Task statement: Among the lines below, take the one holding "李明在视频平台上分享了避雨的", the one holding "噴吹煤11月份加權平均折算成", and all lines between them. Set them down exactly.

Material for this exercise:
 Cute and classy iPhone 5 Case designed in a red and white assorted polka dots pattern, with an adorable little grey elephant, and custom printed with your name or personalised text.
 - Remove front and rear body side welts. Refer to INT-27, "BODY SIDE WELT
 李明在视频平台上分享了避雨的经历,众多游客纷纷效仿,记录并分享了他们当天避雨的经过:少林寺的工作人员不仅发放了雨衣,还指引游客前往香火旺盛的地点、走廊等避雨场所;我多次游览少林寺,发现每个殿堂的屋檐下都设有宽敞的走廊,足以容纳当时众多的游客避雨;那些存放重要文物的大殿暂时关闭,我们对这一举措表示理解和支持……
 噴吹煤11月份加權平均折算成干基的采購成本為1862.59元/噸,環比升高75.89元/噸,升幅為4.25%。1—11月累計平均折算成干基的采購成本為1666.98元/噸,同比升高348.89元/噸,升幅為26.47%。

==

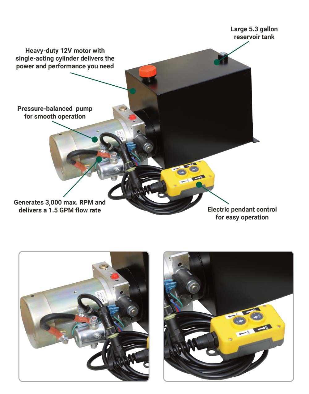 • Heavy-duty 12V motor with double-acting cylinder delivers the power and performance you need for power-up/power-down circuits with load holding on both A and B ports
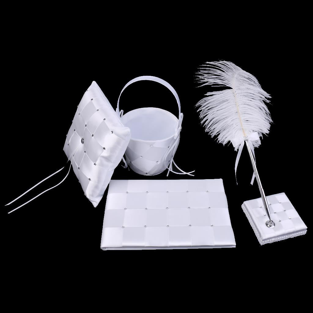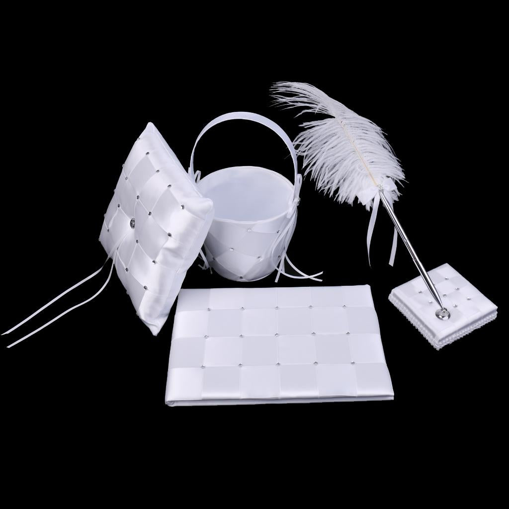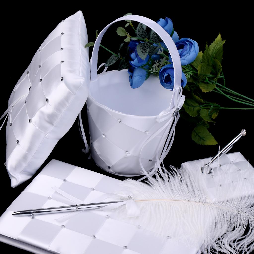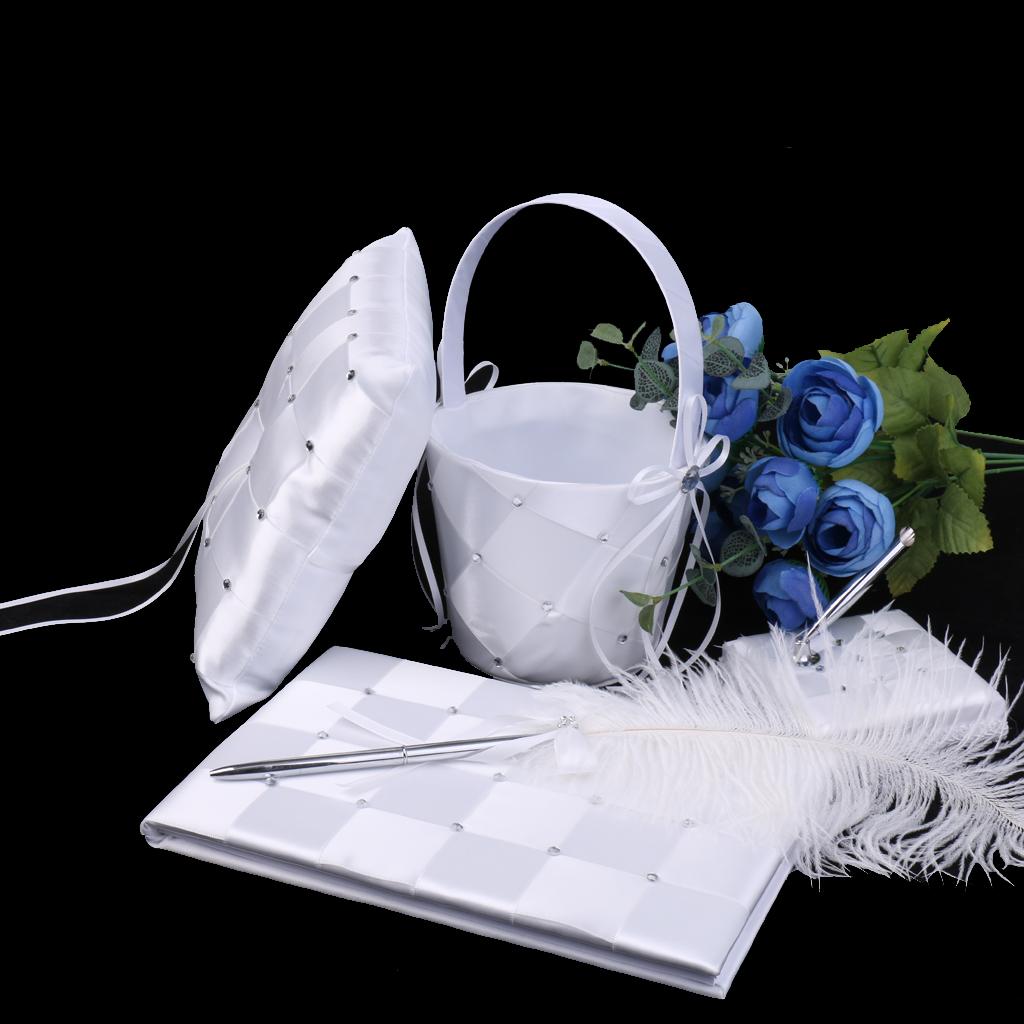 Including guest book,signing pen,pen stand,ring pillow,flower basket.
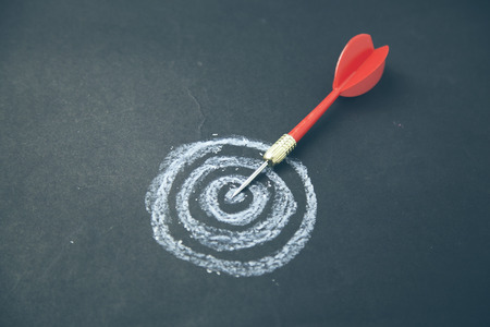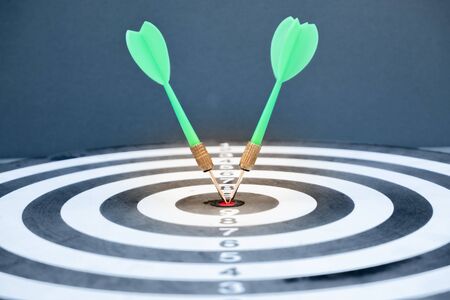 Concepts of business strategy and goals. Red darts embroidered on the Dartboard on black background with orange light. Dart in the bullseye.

==

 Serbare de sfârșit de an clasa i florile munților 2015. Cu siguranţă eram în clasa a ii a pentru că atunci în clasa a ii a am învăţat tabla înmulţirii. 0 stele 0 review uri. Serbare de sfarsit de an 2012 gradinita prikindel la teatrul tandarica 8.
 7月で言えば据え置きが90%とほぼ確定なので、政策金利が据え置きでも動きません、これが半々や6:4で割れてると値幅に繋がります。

Response area:
 李明在视频平台上分享了避雨的经历,众多游客纷纷效仿,记录并分享了他们当天避雨的经过:少林寺的工作人员不仅发放了雨衣,还指引游客前往香火旺盛的地点、走廊等避雨场所;我多次游览少林寺,发现每个殿堂的屋檐下都设有宽敞的走廊,足以容纳当时众多的游客避雨;那些存放重要文物的大殿暂时关闭,我们对这一举措表示理解和支持……
 噴吹煤11月份加權平均折算成干基的采購成本為1862.59元/噸,環比升高75.89元/噸,升幅為4.25%。1—11月累計平均折算成干基的采購成本為1666.98元/噸,同比升高348.89元/噸,升幅為26.47%。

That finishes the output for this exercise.